A Smart Platform for Prodrug Design to Make a Good Drug Better
What's new about AI4Prodrug?
AI4Prodrug is an innovative platform being established by building a comprehensive prodrug database and utilizing retro-path algorithms to assist in 'silico' prodrug design from the chemical structure, achieving the optimal performance of a drug or drug candidate.
With our database, an AI-based retrosynthesis algorithm collects related information and suggests several reliable virtual prodrugs to be considered for development. The comprehensive prodrug data would benefit to gain information for prodrug design and/or predict potential performance of the drug/prodrug candidates.
An innovative approach for prodrug design relies on the buildup of a database that includes all the comprehensive information and knowledge about prodrugs. Our prodrug reaction database accomplishes this, allowing users to obtain the information they need.
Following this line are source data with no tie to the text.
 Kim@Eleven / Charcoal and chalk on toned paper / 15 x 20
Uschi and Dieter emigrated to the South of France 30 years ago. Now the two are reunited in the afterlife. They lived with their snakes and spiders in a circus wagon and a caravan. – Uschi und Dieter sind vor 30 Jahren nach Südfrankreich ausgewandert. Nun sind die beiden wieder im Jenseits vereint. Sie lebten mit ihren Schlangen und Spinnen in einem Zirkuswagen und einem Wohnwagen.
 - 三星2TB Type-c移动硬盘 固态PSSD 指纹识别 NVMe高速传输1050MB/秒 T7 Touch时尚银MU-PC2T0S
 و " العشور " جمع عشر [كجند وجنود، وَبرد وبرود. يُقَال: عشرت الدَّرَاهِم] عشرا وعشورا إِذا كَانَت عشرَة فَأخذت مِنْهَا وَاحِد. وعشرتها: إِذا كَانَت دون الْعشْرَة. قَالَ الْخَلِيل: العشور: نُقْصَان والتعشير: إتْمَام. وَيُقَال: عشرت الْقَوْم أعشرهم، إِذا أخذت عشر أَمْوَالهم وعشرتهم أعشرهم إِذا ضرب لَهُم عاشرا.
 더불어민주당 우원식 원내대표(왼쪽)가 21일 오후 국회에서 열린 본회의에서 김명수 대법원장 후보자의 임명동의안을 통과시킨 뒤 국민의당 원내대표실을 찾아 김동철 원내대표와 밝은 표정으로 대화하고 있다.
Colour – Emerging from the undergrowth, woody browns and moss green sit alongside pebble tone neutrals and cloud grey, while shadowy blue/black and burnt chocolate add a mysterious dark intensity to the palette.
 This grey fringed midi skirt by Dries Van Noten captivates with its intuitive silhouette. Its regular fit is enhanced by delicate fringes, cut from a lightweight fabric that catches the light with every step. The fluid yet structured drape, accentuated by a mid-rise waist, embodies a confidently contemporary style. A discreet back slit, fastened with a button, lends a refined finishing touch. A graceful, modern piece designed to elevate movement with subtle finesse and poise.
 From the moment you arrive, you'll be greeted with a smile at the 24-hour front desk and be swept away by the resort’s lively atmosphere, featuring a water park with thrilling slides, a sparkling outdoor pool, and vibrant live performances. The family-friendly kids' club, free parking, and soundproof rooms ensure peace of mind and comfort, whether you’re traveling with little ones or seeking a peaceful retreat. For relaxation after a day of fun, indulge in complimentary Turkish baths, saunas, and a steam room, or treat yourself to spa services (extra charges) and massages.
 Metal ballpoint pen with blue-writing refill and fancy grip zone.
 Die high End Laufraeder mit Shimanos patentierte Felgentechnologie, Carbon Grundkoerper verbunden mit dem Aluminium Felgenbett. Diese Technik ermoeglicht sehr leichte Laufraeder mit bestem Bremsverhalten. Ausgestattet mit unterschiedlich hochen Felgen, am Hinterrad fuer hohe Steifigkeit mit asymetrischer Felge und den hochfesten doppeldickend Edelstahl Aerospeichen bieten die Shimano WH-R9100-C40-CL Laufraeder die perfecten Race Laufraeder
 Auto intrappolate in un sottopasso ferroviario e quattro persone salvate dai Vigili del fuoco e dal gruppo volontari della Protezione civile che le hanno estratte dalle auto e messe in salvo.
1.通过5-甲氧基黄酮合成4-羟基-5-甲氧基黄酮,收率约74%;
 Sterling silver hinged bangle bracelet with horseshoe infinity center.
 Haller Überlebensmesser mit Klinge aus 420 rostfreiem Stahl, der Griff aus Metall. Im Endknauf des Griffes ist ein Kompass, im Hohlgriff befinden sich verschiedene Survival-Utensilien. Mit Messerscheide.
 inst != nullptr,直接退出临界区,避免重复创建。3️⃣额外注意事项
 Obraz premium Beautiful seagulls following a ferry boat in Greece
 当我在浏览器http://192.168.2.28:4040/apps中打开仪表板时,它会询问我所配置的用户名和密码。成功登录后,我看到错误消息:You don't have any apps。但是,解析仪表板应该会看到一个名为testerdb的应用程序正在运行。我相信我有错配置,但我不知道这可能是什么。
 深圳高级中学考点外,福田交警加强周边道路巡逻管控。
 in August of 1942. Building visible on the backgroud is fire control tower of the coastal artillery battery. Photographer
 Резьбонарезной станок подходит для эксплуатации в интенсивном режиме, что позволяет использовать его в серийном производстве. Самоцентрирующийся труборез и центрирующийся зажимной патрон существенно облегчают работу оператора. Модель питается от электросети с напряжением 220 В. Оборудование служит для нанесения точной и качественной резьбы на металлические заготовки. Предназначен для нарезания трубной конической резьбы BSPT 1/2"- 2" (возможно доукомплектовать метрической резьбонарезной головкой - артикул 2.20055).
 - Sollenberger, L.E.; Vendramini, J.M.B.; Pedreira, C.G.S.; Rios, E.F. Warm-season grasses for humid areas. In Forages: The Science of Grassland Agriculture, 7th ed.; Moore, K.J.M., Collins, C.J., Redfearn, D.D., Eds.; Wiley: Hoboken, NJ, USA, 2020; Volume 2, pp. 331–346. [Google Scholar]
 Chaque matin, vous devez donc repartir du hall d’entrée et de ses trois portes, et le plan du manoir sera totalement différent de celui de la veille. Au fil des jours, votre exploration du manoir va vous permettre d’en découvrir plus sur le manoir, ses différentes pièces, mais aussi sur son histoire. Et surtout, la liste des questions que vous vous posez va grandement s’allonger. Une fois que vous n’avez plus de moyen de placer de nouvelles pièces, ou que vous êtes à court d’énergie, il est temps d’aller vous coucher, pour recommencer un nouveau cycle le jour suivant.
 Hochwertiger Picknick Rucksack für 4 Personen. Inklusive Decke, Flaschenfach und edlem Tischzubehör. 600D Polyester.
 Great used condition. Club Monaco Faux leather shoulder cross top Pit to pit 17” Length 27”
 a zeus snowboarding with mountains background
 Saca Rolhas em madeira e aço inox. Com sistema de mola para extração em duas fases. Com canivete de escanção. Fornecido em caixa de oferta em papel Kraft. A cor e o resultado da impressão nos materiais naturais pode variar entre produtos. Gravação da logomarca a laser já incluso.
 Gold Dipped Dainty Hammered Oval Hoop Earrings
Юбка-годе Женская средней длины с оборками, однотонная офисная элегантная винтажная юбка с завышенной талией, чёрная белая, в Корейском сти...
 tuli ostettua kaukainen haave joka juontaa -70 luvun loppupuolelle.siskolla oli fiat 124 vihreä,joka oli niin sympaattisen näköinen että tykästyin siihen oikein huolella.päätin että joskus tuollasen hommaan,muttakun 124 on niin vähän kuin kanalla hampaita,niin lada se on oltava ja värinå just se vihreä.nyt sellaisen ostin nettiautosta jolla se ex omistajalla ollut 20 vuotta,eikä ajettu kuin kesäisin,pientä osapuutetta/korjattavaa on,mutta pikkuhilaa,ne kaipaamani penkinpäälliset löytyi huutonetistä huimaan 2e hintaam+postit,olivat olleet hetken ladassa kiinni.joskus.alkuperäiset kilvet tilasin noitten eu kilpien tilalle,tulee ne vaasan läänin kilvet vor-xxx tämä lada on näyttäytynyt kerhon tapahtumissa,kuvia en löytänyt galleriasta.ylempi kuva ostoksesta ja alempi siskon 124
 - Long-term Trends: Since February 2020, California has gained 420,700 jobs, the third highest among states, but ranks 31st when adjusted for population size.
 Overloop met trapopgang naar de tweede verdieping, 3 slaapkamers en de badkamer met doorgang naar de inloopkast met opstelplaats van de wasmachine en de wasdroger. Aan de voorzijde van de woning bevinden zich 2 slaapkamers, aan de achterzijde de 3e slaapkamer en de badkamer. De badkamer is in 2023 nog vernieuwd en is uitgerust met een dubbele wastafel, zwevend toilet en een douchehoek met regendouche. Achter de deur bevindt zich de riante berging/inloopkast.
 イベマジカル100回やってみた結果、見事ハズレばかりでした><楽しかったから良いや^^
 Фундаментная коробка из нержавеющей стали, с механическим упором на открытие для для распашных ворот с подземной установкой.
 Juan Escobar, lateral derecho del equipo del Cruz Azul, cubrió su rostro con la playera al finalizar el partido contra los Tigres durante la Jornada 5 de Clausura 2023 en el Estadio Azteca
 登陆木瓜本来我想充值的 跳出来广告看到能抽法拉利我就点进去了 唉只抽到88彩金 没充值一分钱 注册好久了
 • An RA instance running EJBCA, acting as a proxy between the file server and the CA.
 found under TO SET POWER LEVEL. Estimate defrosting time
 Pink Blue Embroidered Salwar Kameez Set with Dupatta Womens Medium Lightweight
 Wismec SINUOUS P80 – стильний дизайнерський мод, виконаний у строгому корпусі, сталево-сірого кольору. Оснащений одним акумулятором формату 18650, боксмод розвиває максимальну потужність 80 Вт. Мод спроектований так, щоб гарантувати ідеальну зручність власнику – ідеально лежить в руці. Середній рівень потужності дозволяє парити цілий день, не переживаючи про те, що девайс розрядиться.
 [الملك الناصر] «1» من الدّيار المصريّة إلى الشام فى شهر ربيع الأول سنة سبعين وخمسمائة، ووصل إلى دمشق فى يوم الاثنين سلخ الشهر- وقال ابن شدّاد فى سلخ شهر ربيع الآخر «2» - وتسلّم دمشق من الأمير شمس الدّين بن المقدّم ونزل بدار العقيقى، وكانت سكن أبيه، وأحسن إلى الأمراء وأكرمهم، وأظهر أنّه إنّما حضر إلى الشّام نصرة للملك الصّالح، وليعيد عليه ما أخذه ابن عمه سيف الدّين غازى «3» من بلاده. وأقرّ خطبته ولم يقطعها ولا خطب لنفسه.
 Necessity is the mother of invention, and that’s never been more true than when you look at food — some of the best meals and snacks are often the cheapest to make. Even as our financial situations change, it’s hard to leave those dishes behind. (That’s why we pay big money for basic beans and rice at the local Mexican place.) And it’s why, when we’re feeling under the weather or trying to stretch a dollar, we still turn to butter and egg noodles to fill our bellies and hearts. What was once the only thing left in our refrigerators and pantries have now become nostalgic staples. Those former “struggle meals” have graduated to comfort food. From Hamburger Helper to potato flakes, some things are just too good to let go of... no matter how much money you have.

A retrosynthesis concept can be applied to the prodrug design to focus on a specific purpose, e.g. solubility, permeability, stability improvement or targeted delivery. Our platform can make the design smarter in order to achieve better pharmaceutical properties, reduce manufacture cost and minimize the drug development risks.
Why is this necessary?
Prodrugs are designed in order to improve pharmaceutical properties, with approximately 10% of all marketed drugs worldwide being considered as prodrugs. However, there has been a lack of a systematic platform for designing prodrugs. Currently, most are designed by experience-based or examples-based approaches.
The success of a prodrug has depended on the scientist's knowledge, skill, accessible information and efforts. Thus, there are some potential human mistakes in prodrug design that lead to failures in design or missing opportunities to identify a better optimal prodrug.